#### TASK ITEM:
The reply is a verbatim copy of the listing below with its images dropped.

#### COLLECTED DATA:

------------------------------

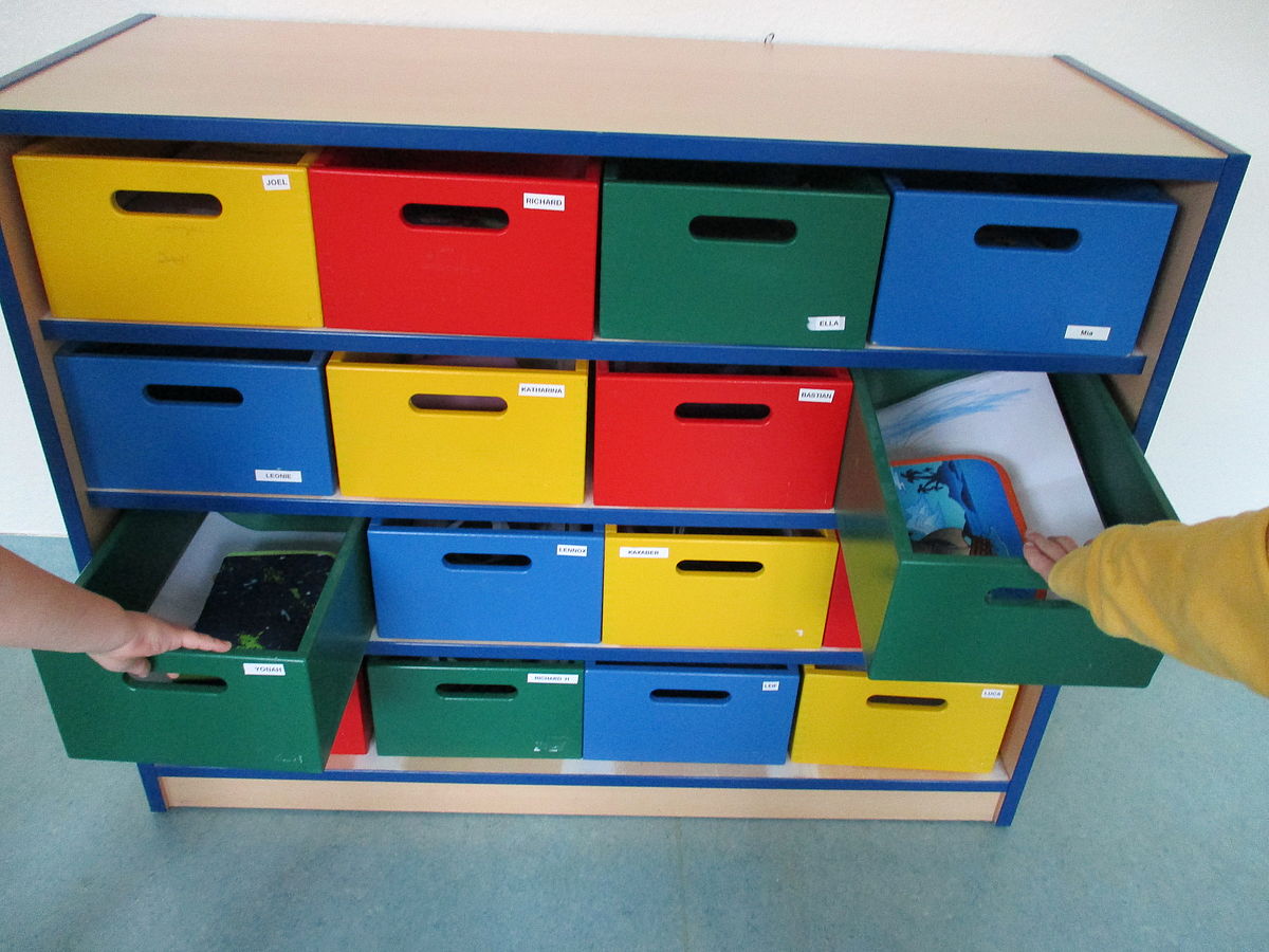 In die besonders ausgestatteten Räumlichkeiten (mit Kinderküche = selbst beim Kochen und Backen tätig werden, oder Bad mit Werkbank = handwerklich geschickter Umgang mit echten Werkzeugen erlernen) wechseln alle zukünftigen Schulanfänger. Das ist die erste Besonderheit diesen letzten Kindergartenjahres. Was nicht bedeutet, dass wir die vorschulische Bildung auf das letzte Jahr vor der Schule reduzieren. Trotzdem sind die "Großen" immer noch einmal etwas Besonderes. Durch die Raumausstattung und das didaktische Spielmaterial wird bei Ihnen die Neugierde auf die Lerninhalte der Schule ganz intensiv geweckt. Schon 1/4 Jahr nachdem sie ihre Räumlichkeiten in Besitz genommen haben, erhalten Sie die Einladung in die Grundschule zum Einschulungstest. Diese Zeit ist aufregend, nicht nur für die Kinder. Auch den Eltern wird in dieser Phase bewusst, dass aus Ihren "Kleinen" nun baldige Schulanfänger werden. Den Kindern steht außerdem ein Schrank mit eigenem "Schulfach" zur Verfügung. Dieses personalisierte Fach beinhaltet Federtasche, Hefter, Tuschkasten, Pinsel sowie eine Schere. Ebenfalls erstellt die jeweilige Erzieherin mit den Kindern ein eigenes Übergangsportfolio. Dieses beinhaltet Beiträge vom Kind, Beiträge der Eltern und Beiträge der Erzieherin. Am Tag der offenen Tür der Grundschule werden diese dann von den Kindern übergeben. So können sich die Lehrerinnen ein kleines Bild über Ihre zukünftigen Schüler machen.
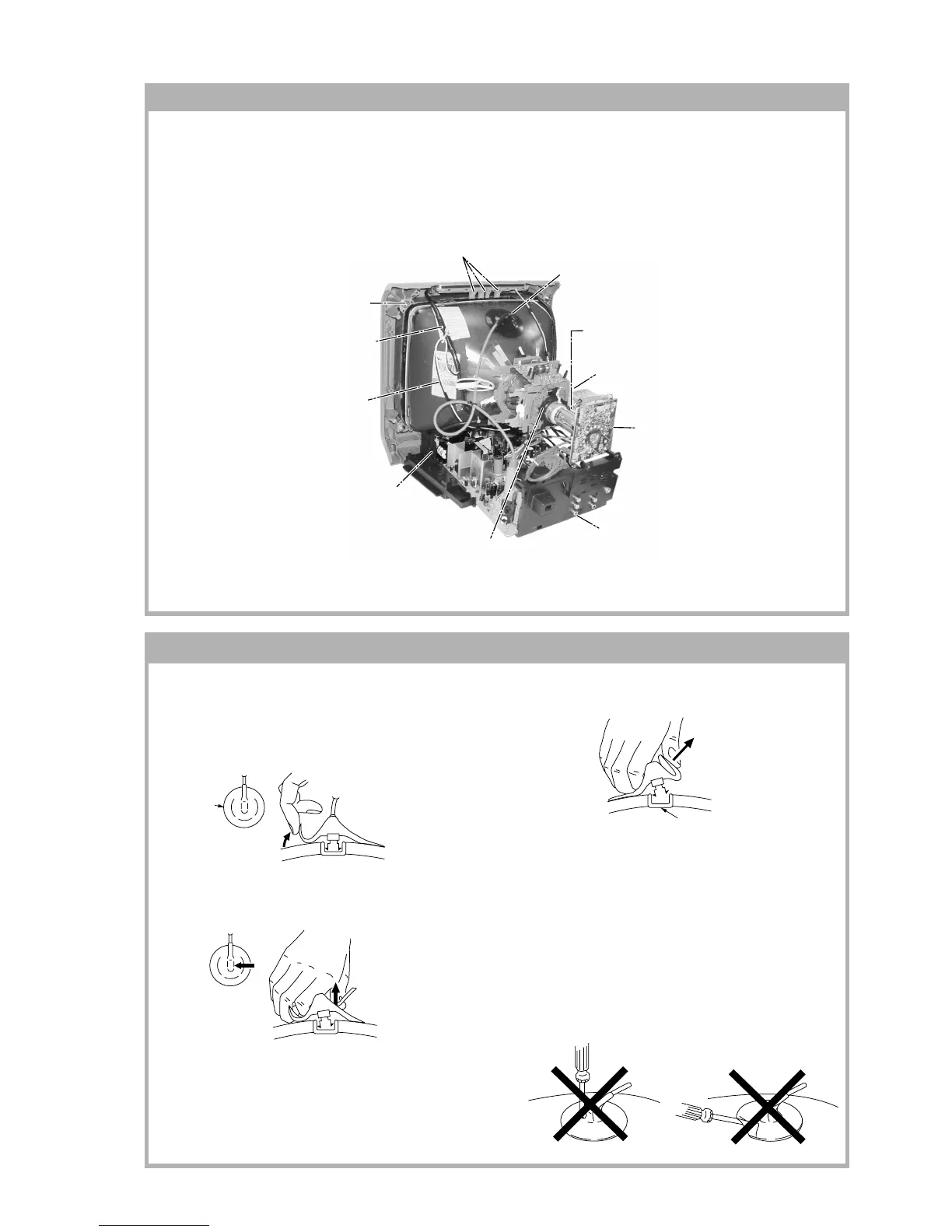 • After removing the anode, short circuit the anode of the picture tube and the anode cap to the metal chassis, CRT
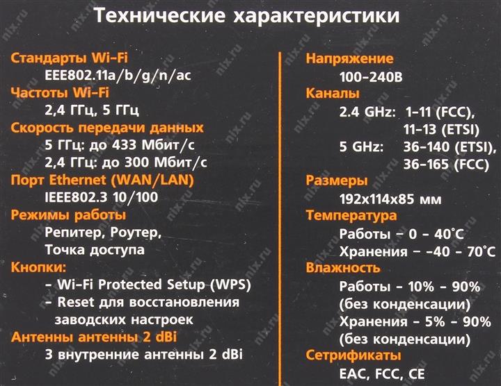 | Индикаторы | 2.4 ГГц, 5 ГГц, Power, Signal, WLAN |
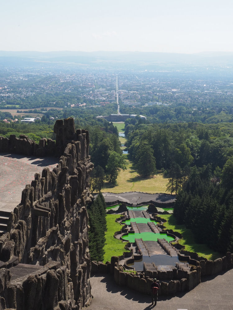 Bergpark Wilhelmshöhe. Vesiputous oli poissa käytöstä. Niinkuin se ymmärtääkseni useimmiten nykyään on. Kassel, SAKSA

------------------------------

#### TASK SOLUTION:
 In die besonders ausgestatteten Räumlichkeiten (mit Kinderküche = selbst beim Kochen und Backen tätig werden, oder Bad mit Werkbank = handwerklich geschickter Umgang mit echten Werkzeugen erlernen) wechseln alle zukünftigen Schulanfänger. Das ist die erste Besonderheit diesen letzten Kindergartenjahres. Was nicht bedeutet, dass wir die vorschulische Bildung auf das letzte Jahr vor der Schule reduzieren. Trotzdem sind die "Großen" immer noch einmal etwas Besonderes. Durch die Raumausstattung und das didaktische Spielmaterial wird bei Ihnen die Neugierde auf die Lerninhalte der Schule ganz intensiv geweckt. Schon 1/4 Jahr nachdem sie ihre Räumlichkeiten in Besitz genommen haben, erhalten Sie die Einladung in die Grundschule zum Einschulungstest. Diese Zeit ist aufregend, nicht nur für die Kinder. Auch den Eltern wird in dieser Phase bewusst, dass aus Ihren "Kleinen" nun baldige Schulanfänger werden. Den Kindern steht außerdem ein Schrank mit eigenem "Schulfach" zur Verfügung. Dieses personalisierte Fach beinhaltet Federtasche, Hefter, Tuschkasten, Pinsel sowie eine Schere. Ebenfalls erstellt die jeweilige Erzieherin mit den Kindern ein eigenes Übergangsportfolio. Dieses beinhaltet Beiträge vom Kind, Beiträge der Eltern und Beiträge der Erzieherin. Am Tag der offenen Tür der Grundschule werden diese dann von den Kindern übergeben. So können sich die Lehrerinnen ein kleines Bild über Ihre zukünftigen Schüler machen.
 • After removing the anode, short circuit the anode of the picture tube and the anode cap to the metal chassis, CRT
 | Индикаторы | 2.4 ГГц, 5 ГГц, Power, Signal, WLAN |
 Bergpark Wilhelmshöhe. Vesiputous oli poissa käytöstä. Niinkuin se ymmärtääkseni useimmiten nykyään on. Kassel, SAKSA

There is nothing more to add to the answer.